For each raster we’ve created, then, we’ll have two sets of cell values: the number of crimes that occurred in the cell from 2017, and the number of crimes from 2018. Using a Fisher’s exact test, we determine how “similar” those two sets of counts are for each raster. If we plot this measure of similarity, which ranges from 0 to 1, on the y-axis, and then the number of grid cells contained in each raster on the x-axis, we see the overall similarity of the rasters increases monotonically as the raster cells become smaller.

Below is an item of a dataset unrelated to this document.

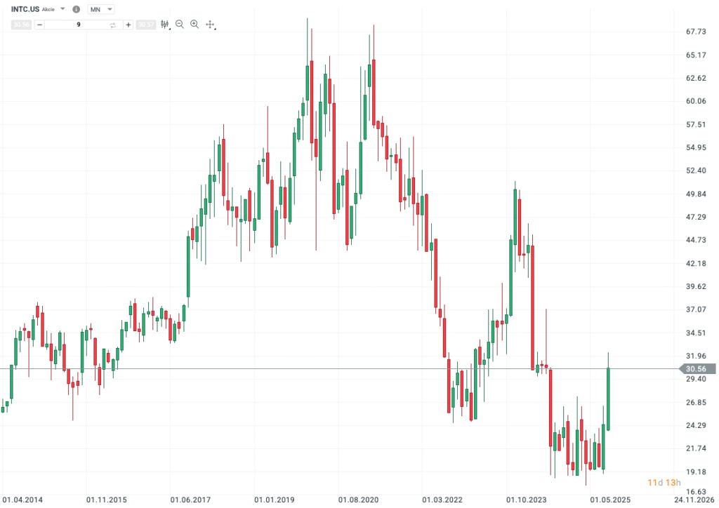 Vývoj ceny akcie INTC.US. Zdroj: xStation. Minulá výkonnost není spolehlivým ukazatelem budoucí výkonnosti.

This makes intuitive sense. As the raster cells become smaller, more of them will contain zero crimes. The more cells that contain zero crimes, the more “similar” the rasters would be in terms of the aggregated counts of crimes across the two years. Many tiny pixels containing zero crimes, however, is not what we’re interested in, so we need to set some sort of lower bound.
Using a Chi-squared test, we can find the “expected” number of gun crimes in each raster cell. Following standard recommendations, we can then filter out any cells expected to contain fewer than five crimes. Plotting the proportion of cells expected to contain at least five crimes against the number of cells in each raster shows that the proportion decreases as the cells become smaller, an inverse of the previous chart.
We can then recalculate similarity for each raster, this time considering only the grid cells expected to contain at least five gun crimes. We see now that similarity no longer increases monotonically as the raster cells become smaller. Instead, similarity peaks when the rasters contain roughly 1,200 cells. We interpret this as the most “appropriate” spatial unit for gun crimes in Baltimore. It is at this cell size that the patterns shown in the aggregated rasters most closely resemble the patterns exhibited in the underlying points. Cells that are larger than this size may be smoothing over some smaller-scale spatial influences that affect gun crimes in Baltimore. Cells that are smaller than this may be picking up more noise in the spatial distribution of gun crimes than signal.
It turns out that 1,200 equally sized squares stretched over Baltimore leads to raster cells that are roughly 50 acres in area. Below, we can see some of the final grid cells overlaid on Baltimore, along with some of the gun crimes from 2017.
The methodology proposed by Malleson et al. for determining an appropriate spatial unit for analyzing point patterns is a useful framework for the State Gun Law Project for two reasons. The first is that the determination of the appropriate spatial unit can be a finding in and of itself. In this post, we learned that the most appropriate spatial unit of aggregation for gun crimes in Baltimore, based on the sample of points available and their distribution across the city, appears to be units that are approximately 50 acres in area.
To the extent this differs significantly from our findings for another city, we can interpret this to mean that gun crimes in the two cities operate at different spatial scales. We can then use that finding to motivate further research into the differences in underlying behaviors, reporting standards, or perhaps elements of the built environment that might be producing those different spatial scales.
The second reason is that the methodology helps us assess whether a spatial unit of analysis we want to use is meaningful. Place-based gun laws restrict firearm possession in certain areas. The Gun-Free School Zones Act, for example, prohibits possession within 1000 feet of any school. For a researcher interested in studying whether the law has had an appreciable effect on the incidence of gun crime near schools, assessing whether the 1000-foot radius is a meaningful spatial unit in their study area is a critical first step. This methodology brings us a bit closer to understanding whether spatial variations in the crime data are picking up real signals or just noise.